** Provided material follows **

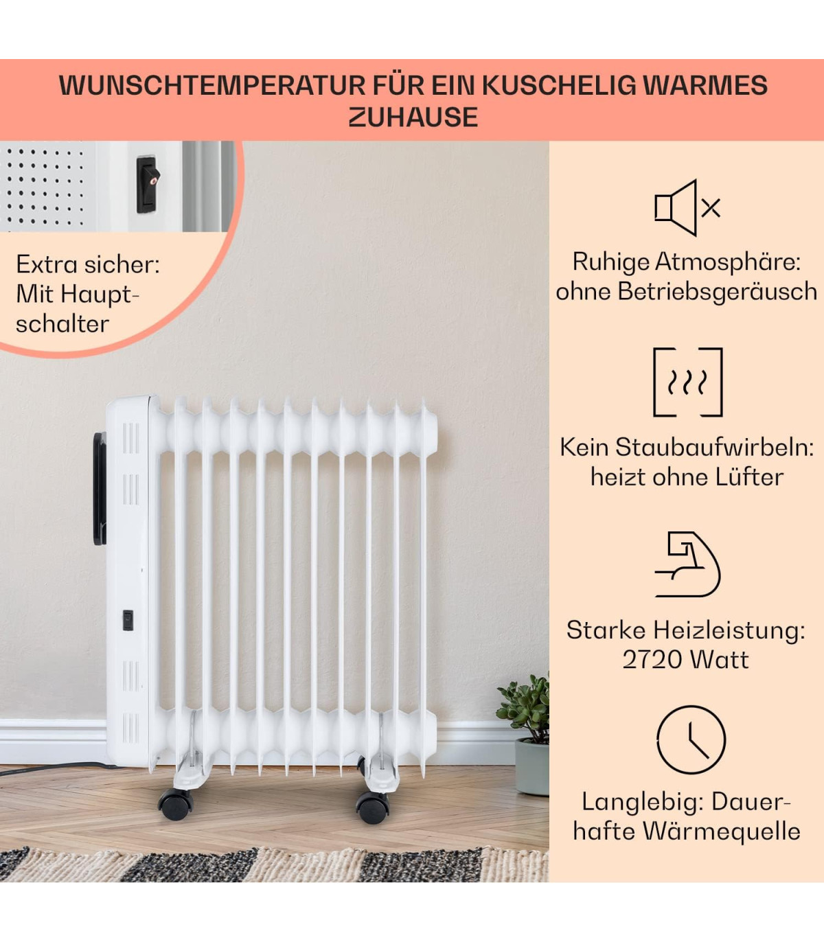 نگران سرما زمستان نباشید بخاری برقی ما به سرعت فضایی گرم در خانه شما ایجاد میکند. این رادیاتور روغنی با قدرت ۲۷۲۰ وات و مصرف انرژی پایین، توزیع یکنواخت هوای گرم را در هر اتاقی تضمین میکند.فضای تا 54 متر مربع را می تواند پوشش بدهد بنابراین در منزل ، محل کار یا هر مکان دیگری می توانید از ان استفاده کنید.
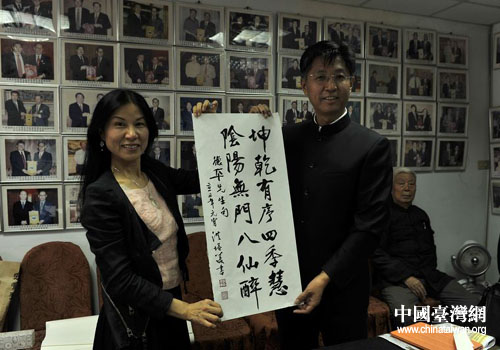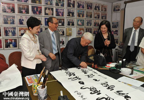 中國(guó)臺(tái)灣網(wǎng)2月26日高雄消息 日前,應(yīng)中華海峽兩岸企業(yè)交流協(xié)會(huì)的邀請(qǐng),由北京市臺(tái)辦公室副巡視員杜德平率領(lǐng)的“北京特色周”參展團(tuán),在高雄舉辦了“京臺(tái)兩岸書畫家交流筆會(huì)”。程茂全、譚軍立、王靜和康景文、蕭季慧、楊濤、洪塔美等京臺(tái)書畫名家參加了交流筆會(huì)。
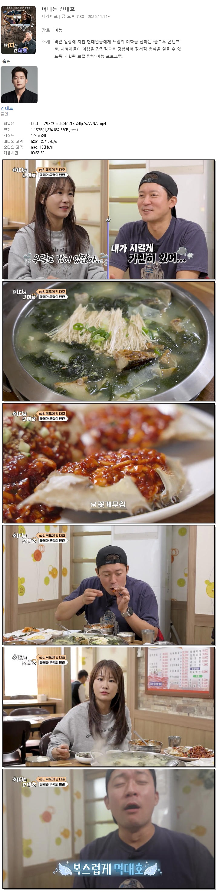 | [더라이프] 어디든 간대호.E05.251212.720p.WANNA[김대호].mp4 | 1.2 G | 00:55:50 | 1280x720 |
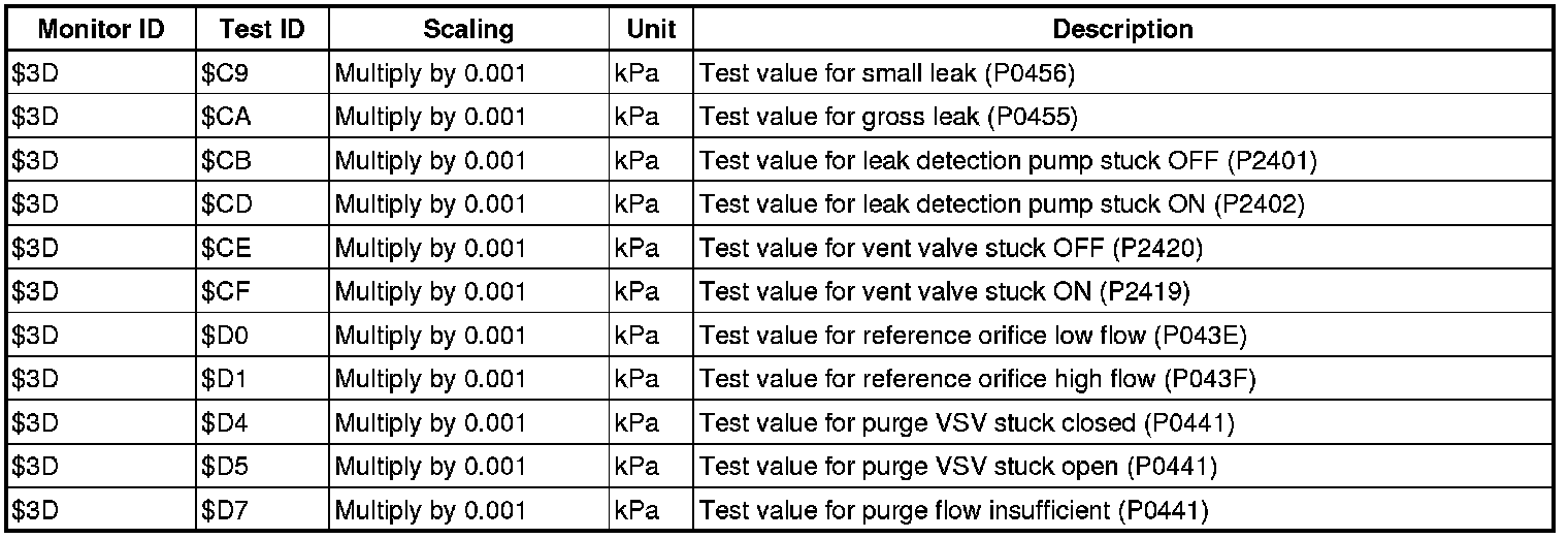 If you use a generic scan tool, multiply the test value by the scaling value listed below.
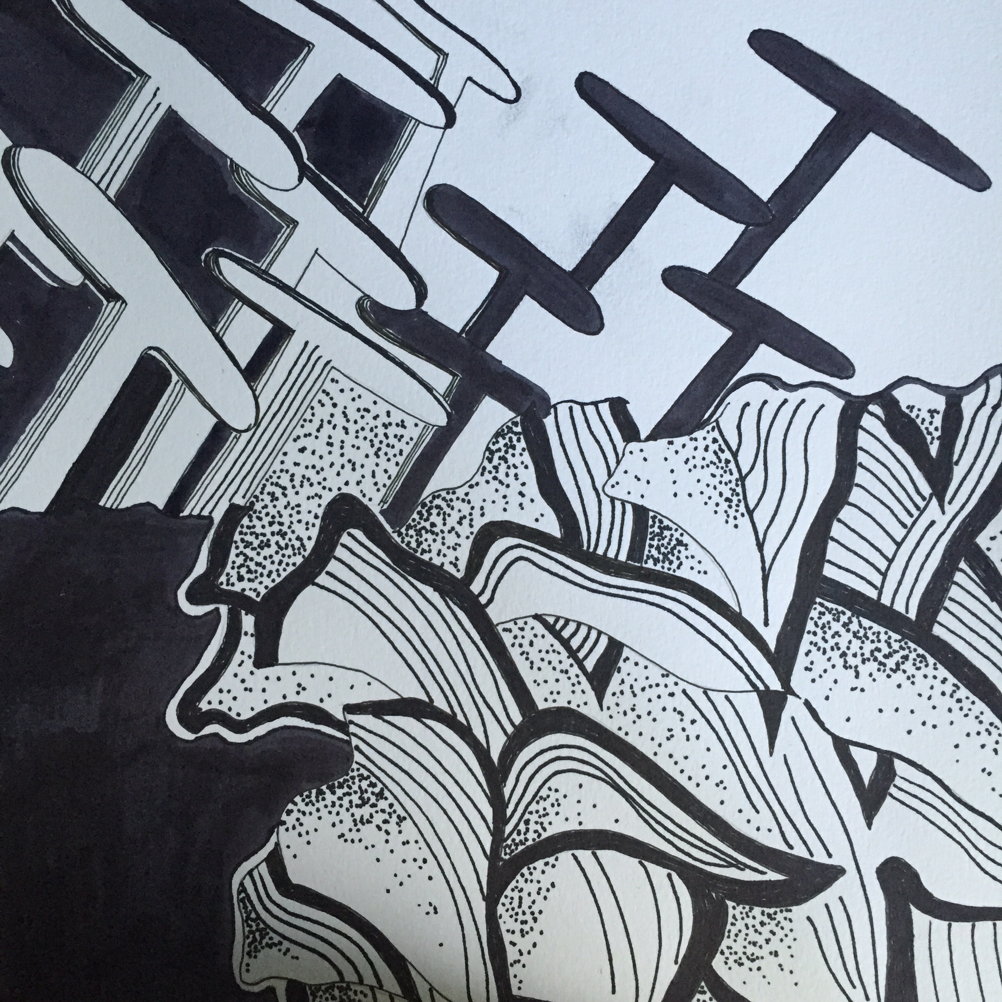 Project: on an 8.5X8.5 piece of drawing paper create a pen and ink drawing. Divide your composition into 4 unequal spaces, using very light lines. Chose a flower to draw. Put a pattern seen in the flower in the largest section, shade one section black, leave a section white, put three different textures possibly seen in your flower in the other section.
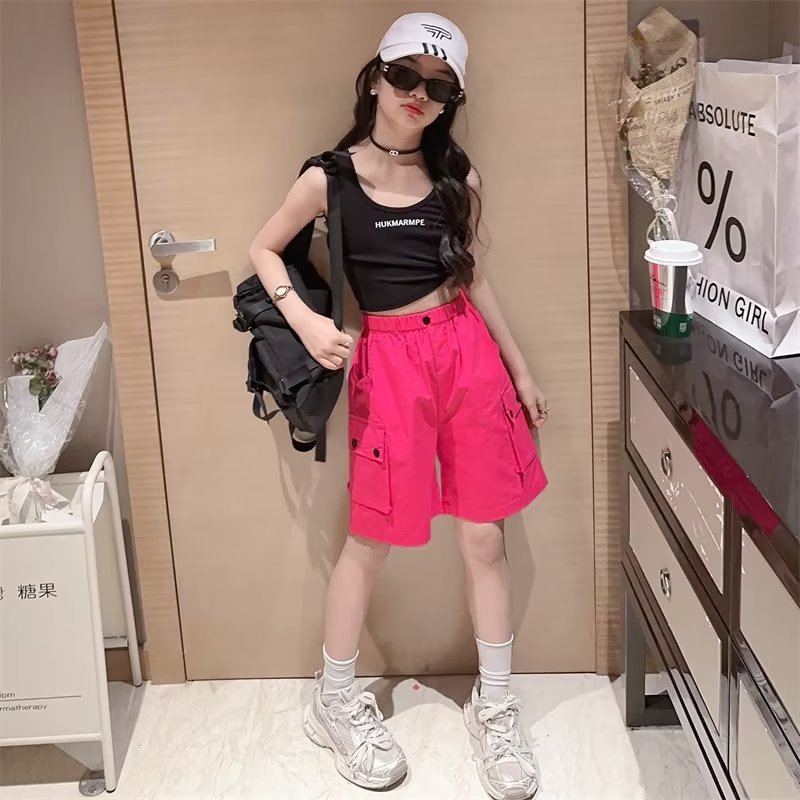 女童裤子夏季薄款休闲裤新款女孩炸街中裤中童夏季五分工装裤
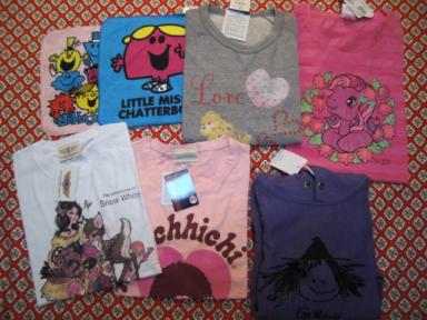 在庫モリモリあったので思わず沢山買っちゃいました グラグラ すぐ着させるのでピンク 5 来年用に6 ピンク・コットンキャンディ・パープル腕に沢山抱えていたので買ってからドーナツが被ってることに気付いたどっちかは手放すかな・・・ お次はvanavana←アフィリは大人用です ターコイズブルー・ブラック・グリーン今期唯一プロパー買いしたのはだけだったんだけどネコちゃんが娘の心をがっちりとらえたのでチュニックも♪く~く~チュニックは娘サイズが1枚だけ残っていたのでお値段的にも迷わずゲット フード付きばっかりだったのでTRもと思ったけどコレっていうのがあまり残っておらずパンダちゃんにしてみましたバクプリ、赤ちゃんぽいけど多分娘は気付かない(爆) 思わず暴走してしまいGTHの予算なくなったよとほほ 他にも沢山ありました~
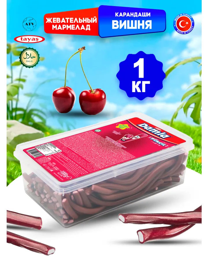 Жевательный мармелад TAYAS DAMLA трубочки со вкусом вишни
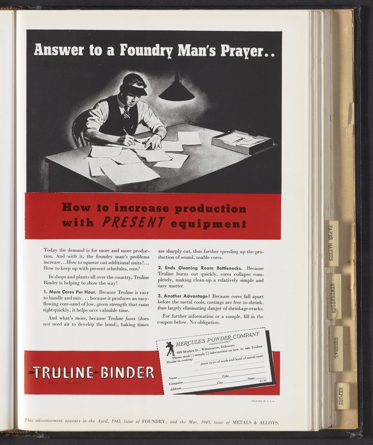 Hercules Incorporated. “Answer to a Foundry Man's Prayer...How to Increase Production with Present Equipment.” 1943 Hercules Advertisements, 1943. Records of Hercules Incorporated, Volume 1943. Science History Institute. Philadelphia. https://digital.sciencehistory.org/works/v979v397g.
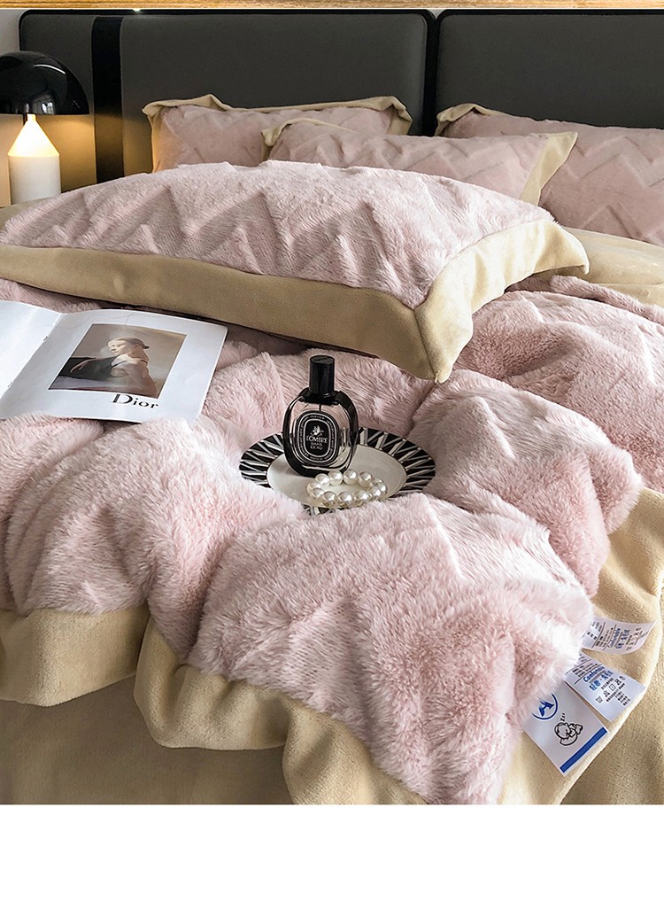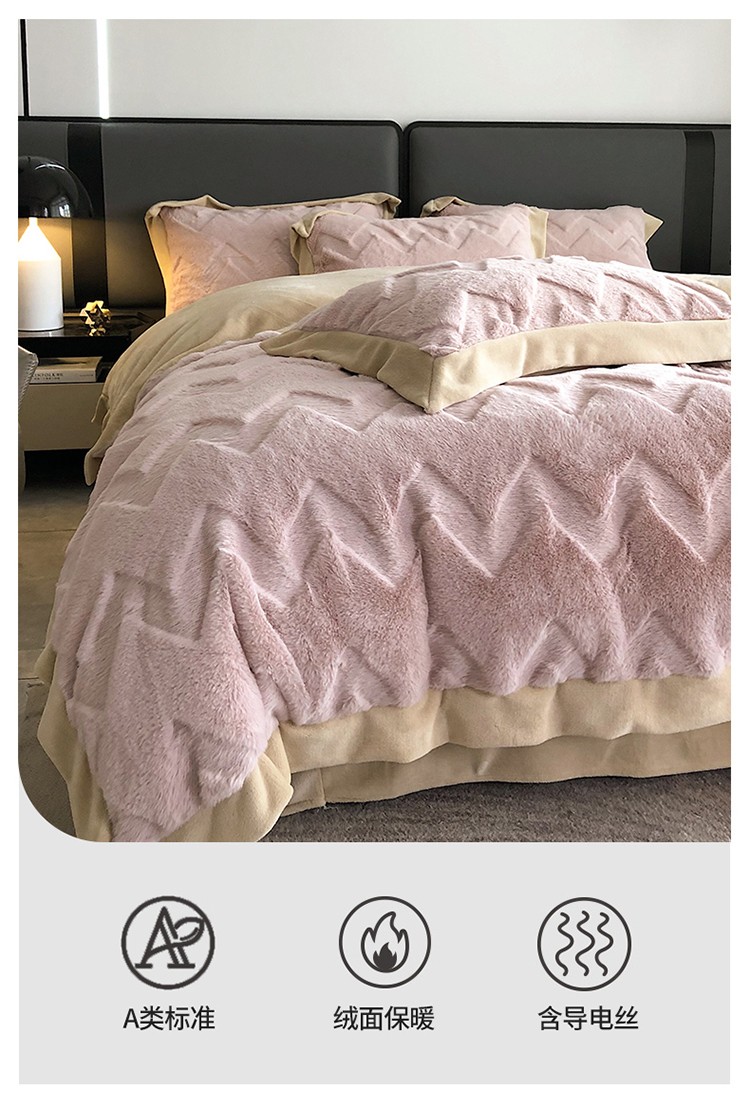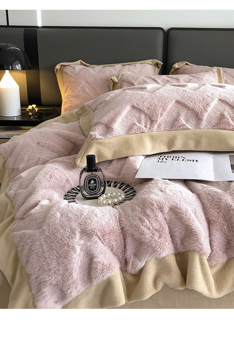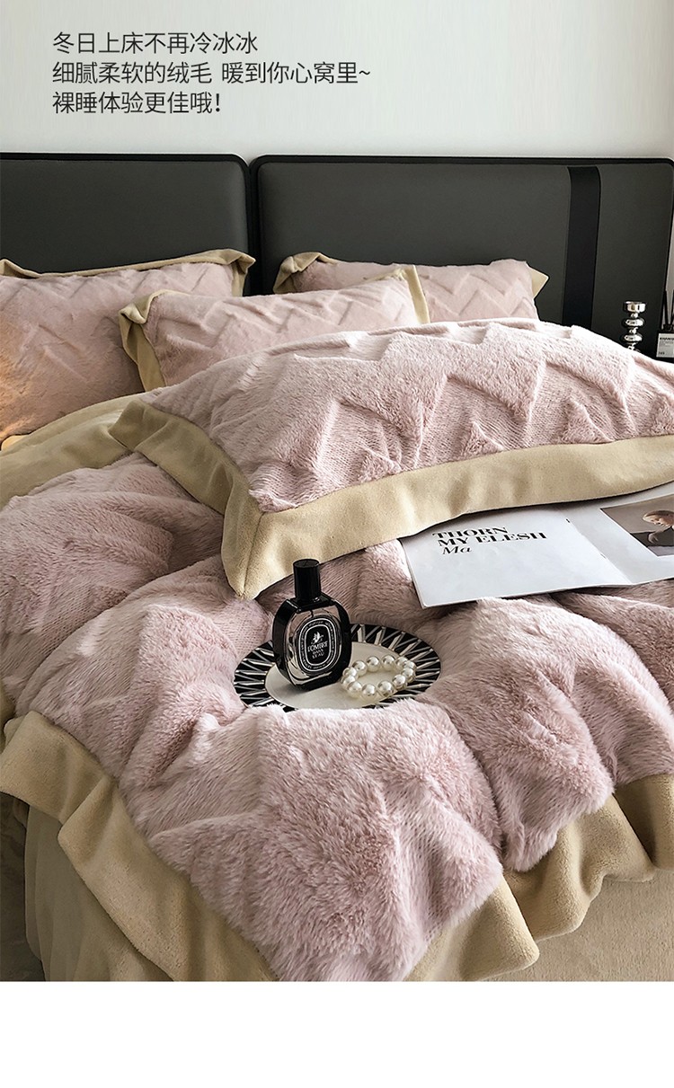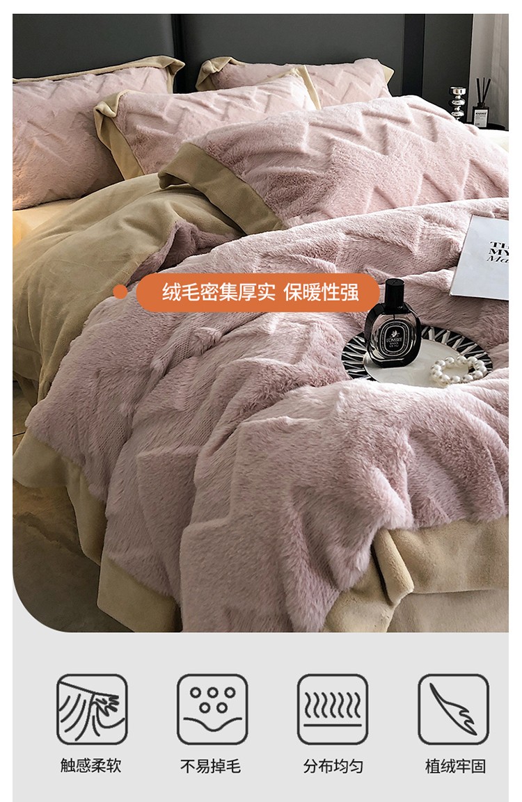 商品名称:罗优 2023新款A类兔毛绒轻奢系列四件套 轻奢-藕粉色
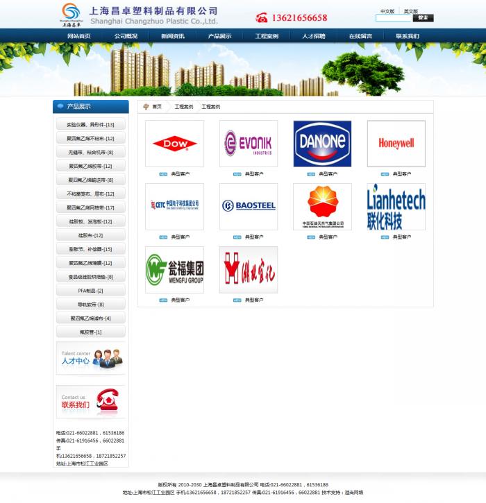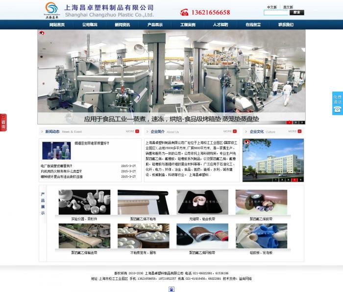 上海昌卓塑料制品有限公司廠址位于上海松江工業園區(國家級工業園區),占地15000多平方米,廠房8000平方米, 是一家集生產、銷售和服務為一體的公司。公司依托上海科研院所,專業生產純聚四氟乙烯,氟橡膠,硅橡膠系列制品,以及聚四氟乙烯,氟橡膠,硅橡膠與高強纖維的復合材料等等,廣泛應用于石油化工、化纖、電力、環保、冶金、食品、醫藥、造紙、水利、城市建設、機械制造、科研等行業。

** End of Provided material **

* _Task to complete_:
Restate word for word only the lines from the one with "商品名称:罗优 2023新款A类兔毛绒轻奢系列四件套 轻奢-藕粉色" through the last line of the material, both included. Any picture should be left out.

* _Output for this exercise_:
 商品名称:罗优 2023新款A类兔毛绒轻奢系列四件套 轻奢-藕粉色
 上海昌卓塑料制品有限公司廠址位于上海松江工業園區(國家級工業園區),占地15000多平方米,廠房8000平方米, 是一家集生產、銷售和服務為一體的公司。公司依托上海科研院所,專業生產純聚四氟乙烯,氟橡膠,硅橡膠系列制品,以及聚四氟乙烯,氟橡膠,硅橡膠與高強纖維的復合材料等等,廣泛應用于石油化工、化纖、電力、環保、冶金、食品、醫藥、造紙、水利、城市建設、機械制造、科研等行業。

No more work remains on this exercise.